Excerpts from a dataset:
- Opening Delimiter -

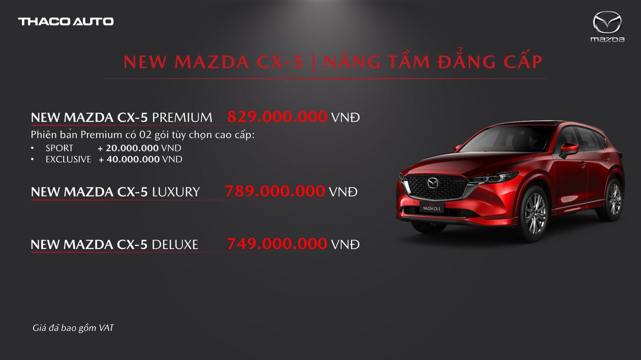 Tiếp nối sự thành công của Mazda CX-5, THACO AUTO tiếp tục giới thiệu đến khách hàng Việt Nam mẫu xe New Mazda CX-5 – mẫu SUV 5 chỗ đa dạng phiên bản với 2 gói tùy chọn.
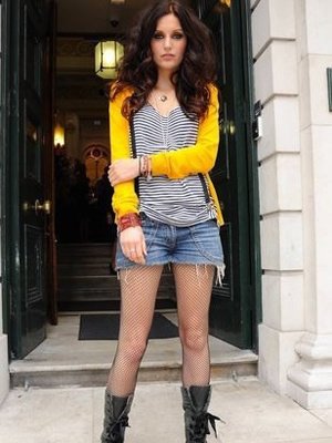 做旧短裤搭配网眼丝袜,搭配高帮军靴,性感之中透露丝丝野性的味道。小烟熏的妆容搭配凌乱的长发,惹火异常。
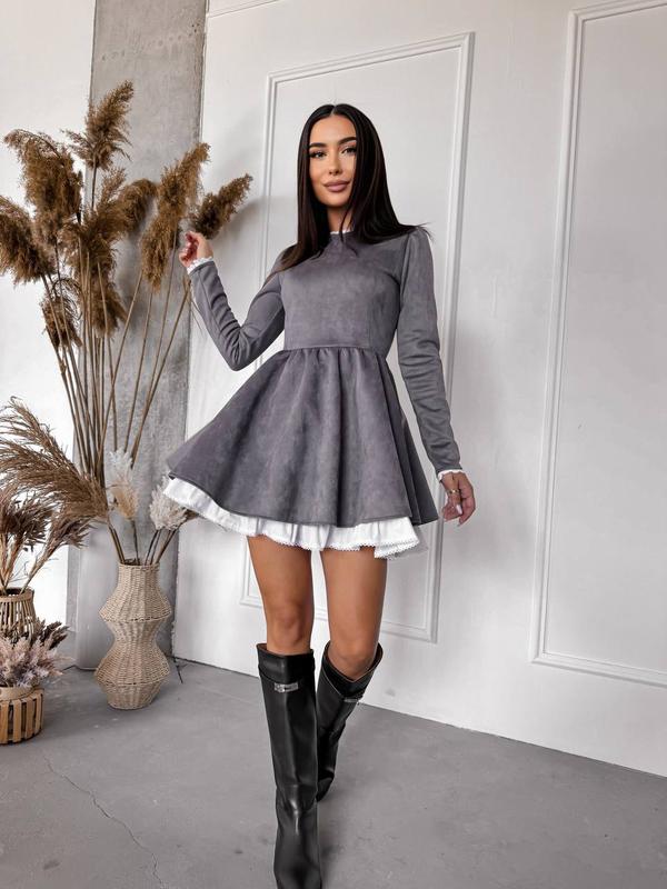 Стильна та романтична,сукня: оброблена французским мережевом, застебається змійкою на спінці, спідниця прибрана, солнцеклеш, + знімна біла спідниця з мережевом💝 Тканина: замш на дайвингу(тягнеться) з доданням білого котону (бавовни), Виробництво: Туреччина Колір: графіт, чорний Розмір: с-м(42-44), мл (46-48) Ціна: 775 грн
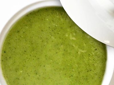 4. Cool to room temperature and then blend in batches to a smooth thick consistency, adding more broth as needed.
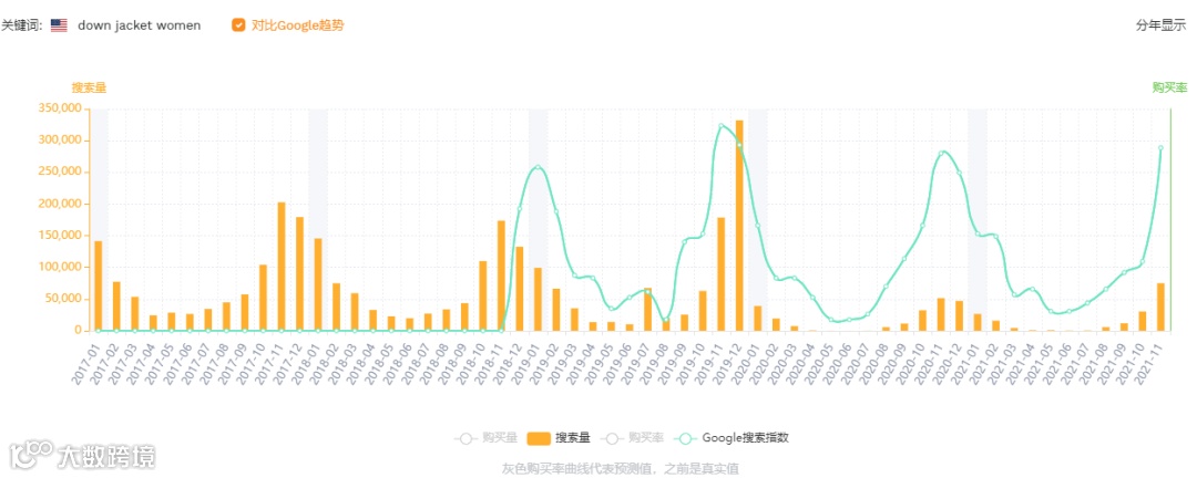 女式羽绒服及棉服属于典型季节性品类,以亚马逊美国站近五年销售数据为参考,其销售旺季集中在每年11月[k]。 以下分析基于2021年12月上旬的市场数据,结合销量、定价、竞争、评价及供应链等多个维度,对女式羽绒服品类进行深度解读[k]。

- Closing Delimiter -

**Task goal:** Only the lines from the one containing "做旧短裤搭配网眼丝袜,搭配高" through the last line of the entries above belong in the copy; reproduce them exactly and drop every picture.

**Answer:**
 做旧短裤搭配网眼丝袜,搭配高帮军靴,性感之中透露丝丝野性的味道。小烟熏的妆容搭配凌乱的长发,惹火异常。
 Стильна та романтична,сукня: оброблена французским мережевом, застебається змійкою на спінці, спідниця прибрана, солнцеклеш, + знімна біла спідниця з мережевом💝 Тканина: замш на дайвингу(тягнеться) з доданням білого котону (бавовни), Виробництво: Туреччина Колір: графіт, чорний Розмір: с-м(42-44), мл (46-48) Ціна: 775 грн
 4. Cool to room temperature and then blend in batches to a smooth thick consistency, adding more broth as needed.
 女式羽绒服及棉服属于典型季节性品类,以亚马逊美国站近五年销售数据为参考,其销售旺季集中在每年11月[k]。 以下分析基于2021年12月上旬的市场数据,结合销量、定价、竞争、评价及供应链等多个维度,对女式羽绒服品类进行深度解读[k]。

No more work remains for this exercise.